Читаем The Sweetness at the Bottom of the Pie полностью

What intrigued me more than anything was finding out the way in which everything, all of creation—all of it!—was held together by invisible chemical bonds, and I found a strange, inexplicable comfort in knowing that somewhere, even though we couldn't see it in our own world, there was real stability.

I didn't make the obvious connection at first, between the book and the abandoned laboratory I had discovered as a child. But when I did, my life came to life—if that makes any sense.

Here in Uncle Tar's lab, row on row, were the chemistry books he had so lovingly assembled, and I soon discovered that with a little effort most of them were not too far beyond my understanding.

Simple experiments came next, and I tried to remember to follow instructions to the letter. Not to say that there weren't a few stinks and explosions, but the less said about those the better.

As time went on, my notebooks grew fatter. My work was becoming ever more sophisticated as the mysteries of Organic Chemistry revealed themselves to me, and I rejoiced in my newfound knowledge of what could be extracted so easily from nature.

My particular passion was poison.

I SLASHED AWAY at the foliage with a bamboo walking stick pinched from an elephant-foot umbrella stand in the front hall. Back here in the kitchen garden, the high redbrick walls had not yet let in the warming sun; everything was still sodden from the rain that had fallen in the night.

Making my way through the debris of last year's uncut grass, I poked along the bottom of the wall until I found what I was looking for: a patch of bright leaves whose scarlet gloss made their three-leaved clusters easy to spot among the other vines. Pulling on a pair of cotton gardening gloves that had been tucked into my belt, and launching into a loudly whistled rendition of “Bibbidi-Bobbidi-Boo,” I went to work.

Later, in the safety of my sanctum sanctorum, my Holy of Holies—I had come across that delightful phrase in a biography of Thomas Jefferson and adopted it as my own—I stuffed the colorful leaves into a glass retort, taking care not to remove my gloves until their shiny foliage was safely tamped down. Now came the part I loved.

Stoppering the retort, I connected it on one side to a flask in which water was already boiling, and on the other to a coiled glass condensing tube whose open end hung suspended over an empty beaker. With the water bubbling furiously, I watched as the steam found its way through the tubing and escaped into the flask among the leaves. Already they were beginning to curl and soften as the hot vapor opened the tiny pockets between their cells, releasing the oils that were the essence of the living plant.

This was the way the ancient alchemists had practiced their art: fire and steam, steam and fire. Distillation.

How I loved this work.

Distillation. I said it aloud. “Dis-till-ation!”

I looked on in awe as the steam cooled and condensed in the coil, and wrung my hands in ecstasy as the first limpid drop of liquid hung suspended, then dropped with an audible plop! into the waiting receptacle.

When the water had boiled away and the operation was complete, I turned off the flame and cupped my chin in my palms to watch with fascination as the fluid in the beaker settled out into two distinct layers: the clear distilled water on the bottom, a liquid of a light yellow hue floating on top. This was the essential oil of the leaves. It was called urushiol and had been used, among other things, in the manufacture of lacquer.

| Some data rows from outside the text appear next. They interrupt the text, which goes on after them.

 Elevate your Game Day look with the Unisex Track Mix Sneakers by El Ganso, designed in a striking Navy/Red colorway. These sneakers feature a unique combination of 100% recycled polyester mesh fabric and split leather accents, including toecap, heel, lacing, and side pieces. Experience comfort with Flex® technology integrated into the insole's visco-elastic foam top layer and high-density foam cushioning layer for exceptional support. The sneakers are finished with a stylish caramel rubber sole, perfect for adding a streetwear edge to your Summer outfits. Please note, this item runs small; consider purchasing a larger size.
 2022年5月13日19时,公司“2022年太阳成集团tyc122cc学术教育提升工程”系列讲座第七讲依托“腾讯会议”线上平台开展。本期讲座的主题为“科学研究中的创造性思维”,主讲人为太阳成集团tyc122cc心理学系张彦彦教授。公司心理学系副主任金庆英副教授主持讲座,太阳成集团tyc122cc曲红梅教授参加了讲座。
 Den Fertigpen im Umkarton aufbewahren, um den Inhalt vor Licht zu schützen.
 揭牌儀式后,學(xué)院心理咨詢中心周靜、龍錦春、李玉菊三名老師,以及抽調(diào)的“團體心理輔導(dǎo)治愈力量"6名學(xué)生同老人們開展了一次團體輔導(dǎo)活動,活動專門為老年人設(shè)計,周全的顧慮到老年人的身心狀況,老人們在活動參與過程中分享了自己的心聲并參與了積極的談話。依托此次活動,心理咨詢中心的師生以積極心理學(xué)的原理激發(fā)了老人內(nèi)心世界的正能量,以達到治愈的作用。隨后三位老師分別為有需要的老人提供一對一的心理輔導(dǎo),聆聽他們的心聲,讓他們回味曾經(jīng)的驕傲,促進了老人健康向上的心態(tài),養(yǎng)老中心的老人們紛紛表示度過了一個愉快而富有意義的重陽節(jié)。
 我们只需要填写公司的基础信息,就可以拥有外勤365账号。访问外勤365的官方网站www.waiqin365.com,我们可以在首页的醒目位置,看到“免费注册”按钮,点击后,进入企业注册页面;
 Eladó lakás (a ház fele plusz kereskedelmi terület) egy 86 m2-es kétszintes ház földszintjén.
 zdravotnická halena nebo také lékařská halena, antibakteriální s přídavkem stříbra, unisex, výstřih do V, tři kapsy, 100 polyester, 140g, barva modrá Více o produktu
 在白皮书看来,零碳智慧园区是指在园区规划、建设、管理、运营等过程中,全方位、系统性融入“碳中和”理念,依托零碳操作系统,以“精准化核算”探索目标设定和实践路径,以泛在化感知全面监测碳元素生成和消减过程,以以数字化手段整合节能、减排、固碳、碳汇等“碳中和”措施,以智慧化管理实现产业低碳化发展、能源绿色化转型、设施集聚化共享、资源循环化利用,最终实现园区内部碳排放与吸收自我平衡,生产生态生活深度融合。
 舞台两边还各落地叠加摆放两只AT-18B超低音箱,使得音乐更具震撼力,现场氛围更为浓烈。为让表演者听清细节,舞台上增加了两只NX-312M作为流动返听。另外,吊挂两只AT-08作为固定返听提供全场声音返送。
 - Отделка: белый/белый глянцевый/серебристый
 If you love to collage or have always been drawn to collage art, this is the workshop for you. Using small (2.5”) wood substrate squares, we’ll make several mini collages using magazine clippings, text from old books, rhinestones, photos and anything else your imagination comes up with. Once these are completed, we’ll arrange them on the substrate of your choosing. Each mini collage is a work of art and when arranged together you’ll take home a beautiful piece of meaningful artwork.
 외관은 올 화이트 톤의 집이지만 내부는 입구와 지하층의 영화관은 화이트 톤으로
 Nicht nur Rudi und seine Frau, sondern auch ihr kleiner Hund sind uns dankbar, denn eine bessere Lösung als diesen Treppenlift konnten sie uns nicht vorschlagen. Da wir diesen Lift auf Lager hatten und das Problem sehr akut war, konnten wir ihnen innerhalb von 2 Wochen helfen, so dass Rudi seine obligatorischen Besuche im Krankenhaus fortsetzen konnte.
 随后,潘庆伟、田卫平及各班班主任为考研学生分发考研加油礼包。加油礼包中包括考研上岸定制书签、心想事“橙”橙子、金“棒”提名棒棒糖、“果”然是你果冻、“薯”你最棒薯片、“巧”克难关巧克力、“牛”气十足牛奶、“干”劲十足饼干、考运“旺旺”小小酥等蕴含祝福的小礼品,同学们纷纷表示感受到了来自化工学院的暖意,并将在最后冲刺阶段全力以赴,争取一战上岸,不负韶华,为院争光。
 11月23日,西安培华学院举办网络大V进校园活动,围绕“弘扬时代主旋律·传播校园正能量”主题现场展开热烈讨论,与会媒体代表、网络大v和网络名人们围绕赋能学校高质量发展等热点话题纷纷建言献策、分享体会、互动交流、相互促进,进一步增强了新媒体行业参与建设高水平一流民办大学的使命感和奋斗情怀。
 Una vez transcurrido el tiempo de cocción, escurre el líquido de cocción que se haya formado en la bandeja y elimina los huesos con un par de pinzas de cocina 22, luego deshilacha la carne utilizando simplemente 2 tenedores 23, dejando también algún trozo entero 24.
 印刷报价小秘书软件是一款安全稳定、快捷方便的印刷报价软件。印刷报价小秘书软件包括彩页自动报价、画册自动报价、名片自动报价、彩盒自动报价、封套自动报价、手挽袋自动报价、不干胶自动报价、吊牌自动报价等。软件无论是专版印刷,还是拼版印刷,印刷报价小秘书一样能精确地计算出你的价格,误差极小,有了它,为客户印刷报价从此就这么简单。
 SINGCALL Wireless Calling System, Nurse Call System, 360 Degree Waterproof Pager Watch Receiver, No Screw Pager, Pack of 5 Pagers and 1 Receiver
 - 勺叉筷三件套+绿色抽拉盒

Digging into the pocket of my sweater, I pulled out a shiny gold tube. I removed its cap, and couldn't help smiling as a red tip was revealed. Ophelia's lipstick, purloined from the drawer of her dressing table, along with the pearls and the Mint Imperials. And Feely—Miss Snotrag—hadn't even noticed it was gone.

Remembering the mints, I popped one into my mouth, crushing the sweet noisily between my molars.

The core of lipstick came out easily enough, and I relit the spirit lamp. Only a gentle heat was required to reduce the waxy stuff to a sticky mass. If Feely only knew that lipstick was made of fish scales, I thought, she might be a little less eager to slather the stuff all over her mouth. I must remember to tell her. I grinned. Later.

With a pipette I drew off a few millimeters of the distilled oil that floated in the beaker and then, drop by drop, dripped it gently into the ooze of the melted lipstick, giving the mixture a vigorous stir with a wooden tongue depressor.

Too thin, I thought. I fetched down a jar and added a dollop of beeswax to restore it to its former consistency.

Time for the gloves again—and for the iron bullet mold I had pinched from Buckshaw's really quite decent firearm museum.

Odd, isn't it, that a charge of lipstick is precisely the size of a .45 caliber slug. A useful bit of information, really. I'd have to remember to think of its wider ramifications tonight when I was tucked safely into my bed. Right now, I was far too busy.